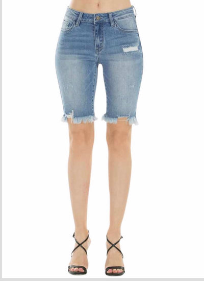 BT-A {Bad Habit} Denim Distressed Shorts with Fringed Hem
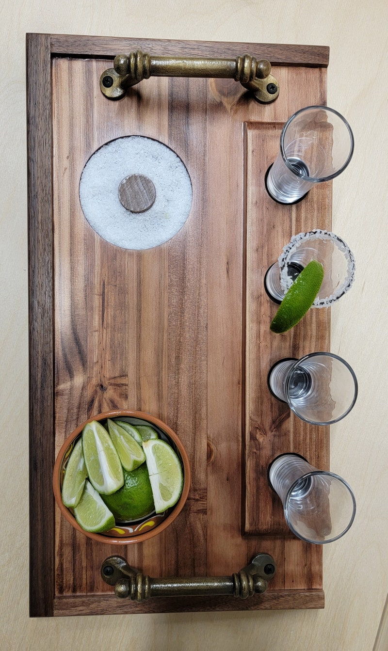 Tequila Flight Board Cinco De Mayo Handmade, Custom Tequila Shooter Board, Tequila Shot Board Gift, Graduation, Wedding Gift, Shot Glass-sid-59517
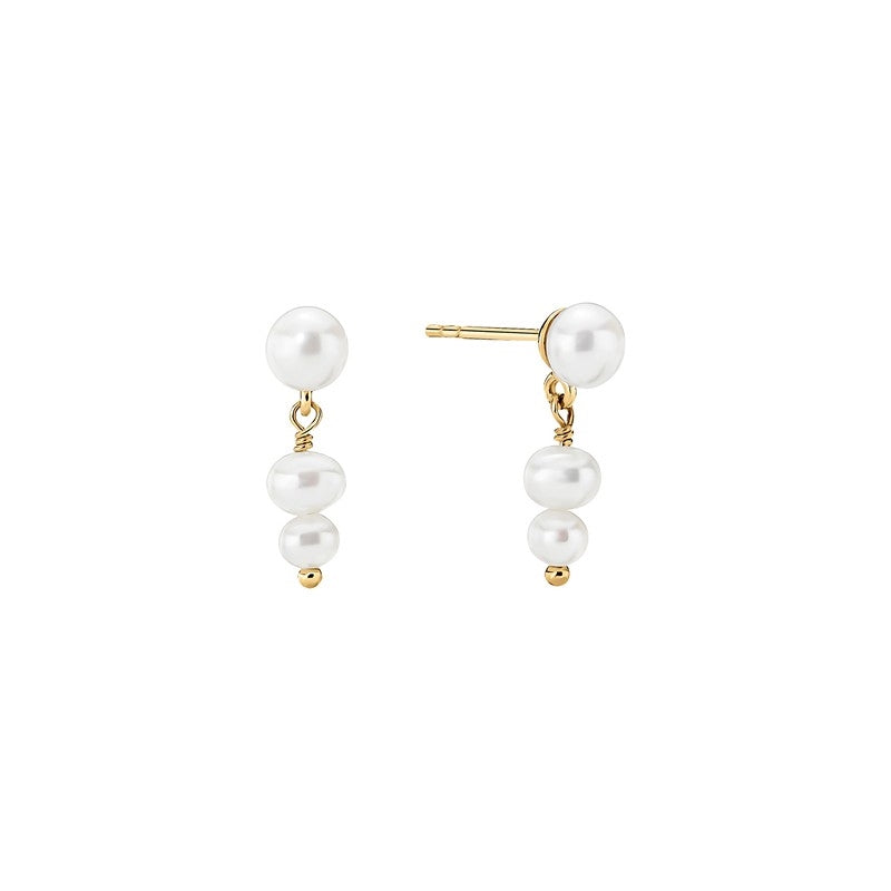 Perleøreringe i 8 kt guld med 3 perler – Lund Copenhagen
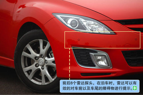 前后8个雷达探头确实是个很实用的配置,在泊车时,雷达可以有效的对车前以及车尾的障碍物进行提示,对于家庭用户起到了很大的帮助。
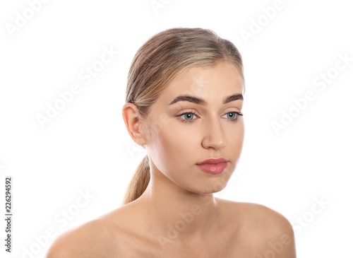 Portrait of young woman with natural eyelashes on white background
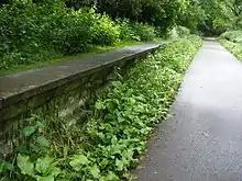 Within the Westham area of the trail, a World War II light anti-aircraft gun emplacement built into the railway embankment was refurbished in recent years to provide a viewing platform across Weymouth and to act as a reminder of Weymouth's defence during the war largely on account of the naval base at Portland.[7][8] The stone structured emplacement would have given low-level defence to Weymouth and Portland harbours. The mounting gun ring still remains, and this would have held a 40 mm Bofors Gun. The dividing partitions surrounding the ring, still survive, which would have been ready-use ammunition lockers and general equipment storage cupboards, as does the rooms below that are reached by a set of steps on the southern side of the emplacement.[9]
#####
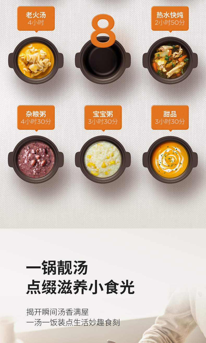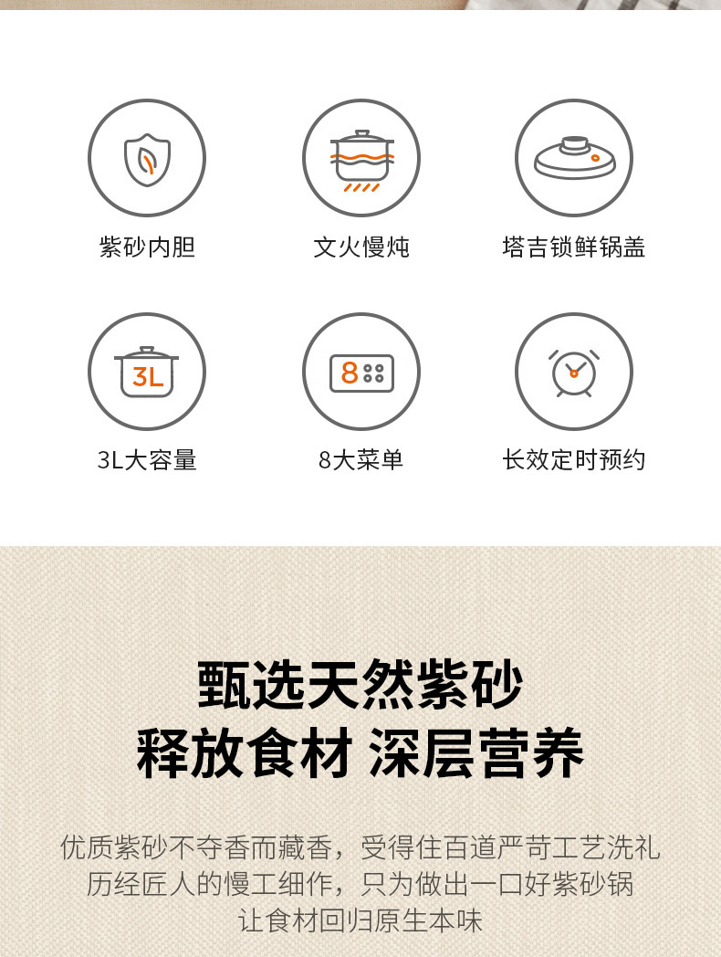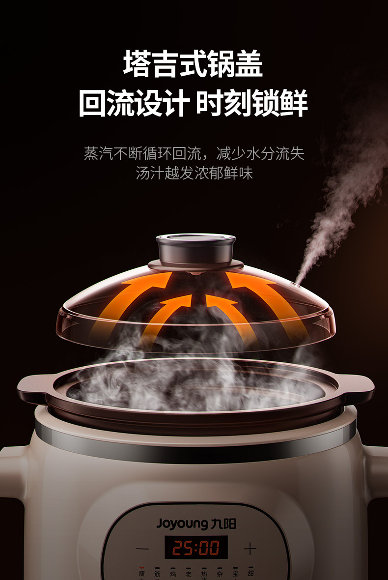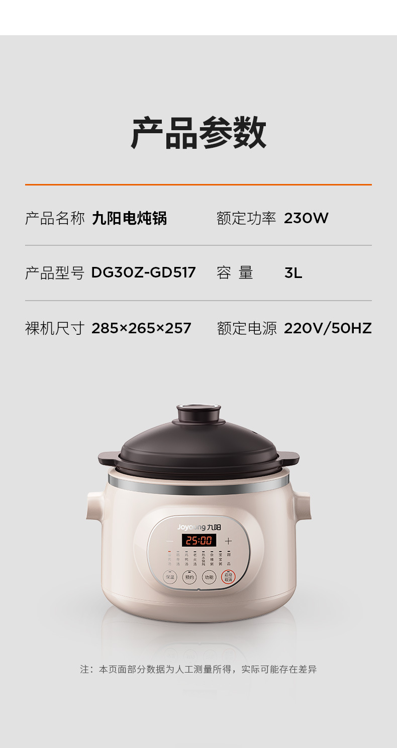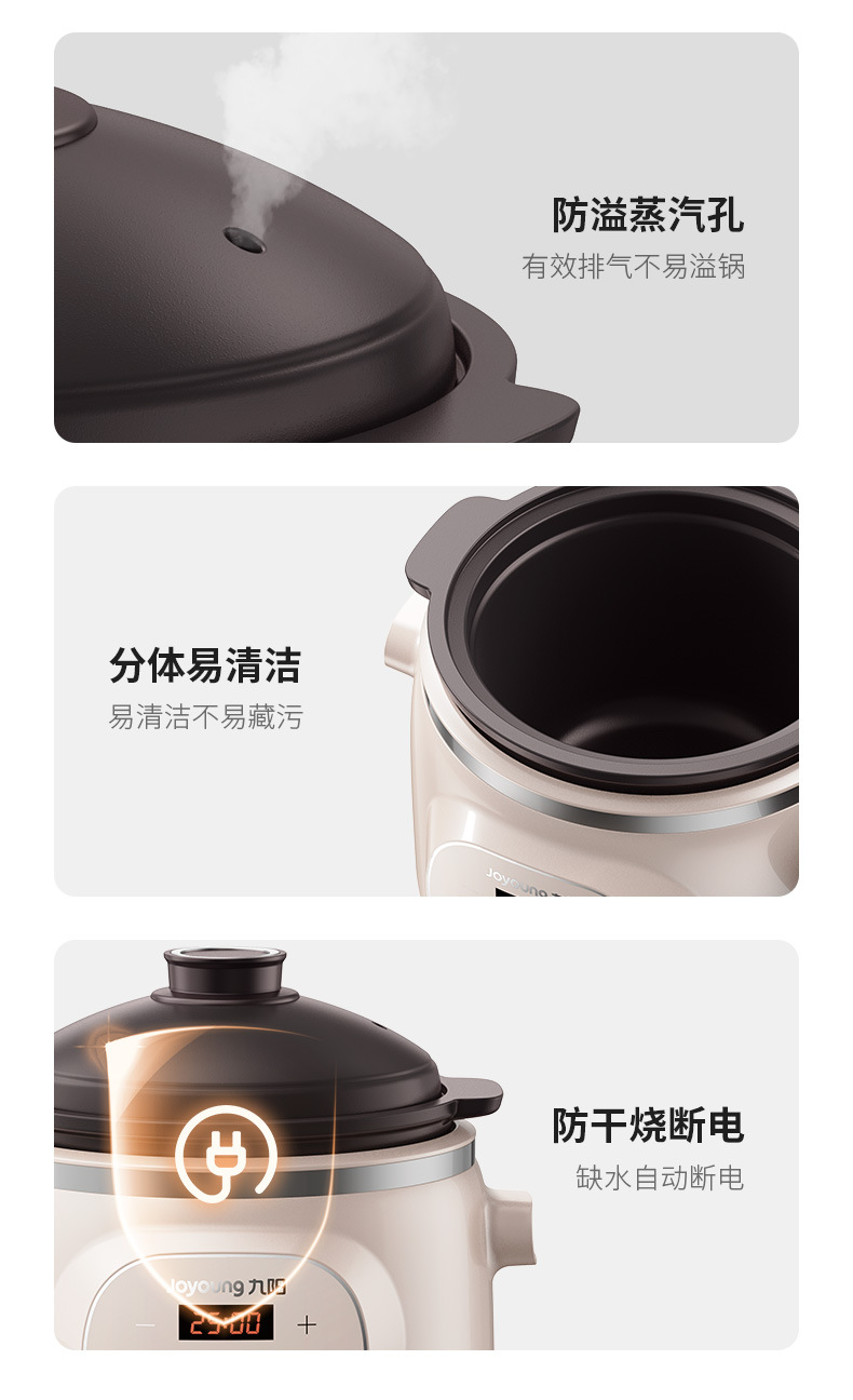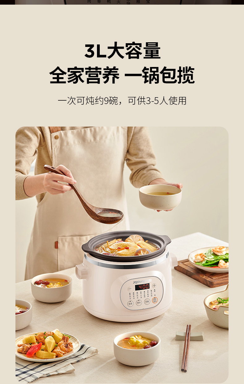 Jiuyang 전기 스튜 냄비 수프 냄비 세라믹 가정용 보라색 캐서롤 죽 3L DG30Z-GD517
#####
- **Work request**
Look above for the line with "Portrait of young", then give again exactly every line from there through the line with "Within the Westham", skipping the pictures.

- **Answer for the task**
 Portrait of young woman with natural eyelashes on white background
 Within the Westham area of the trail, a World War II light anti-aircraft gun emplacement built into the railway embankment was refurbished in recent years to provide a viewing platform across Weymouth and to act as a reminder of Weymouth's defence during the war largely on account of the naval base at Portland.[7][8] The stone structured emplacement would have given low-level defence to Weymouth and Portland harbours. The mounting gun ring still remains, and this would have held a 40 mm Bofors Gun. The dividing partitions surrounding the ring, still survive, which would have been ready-use ammunition lockers and general equipment storage cupboards, as does the rooms below that are reached by a set of steps on the southern side of the emplacement.[9]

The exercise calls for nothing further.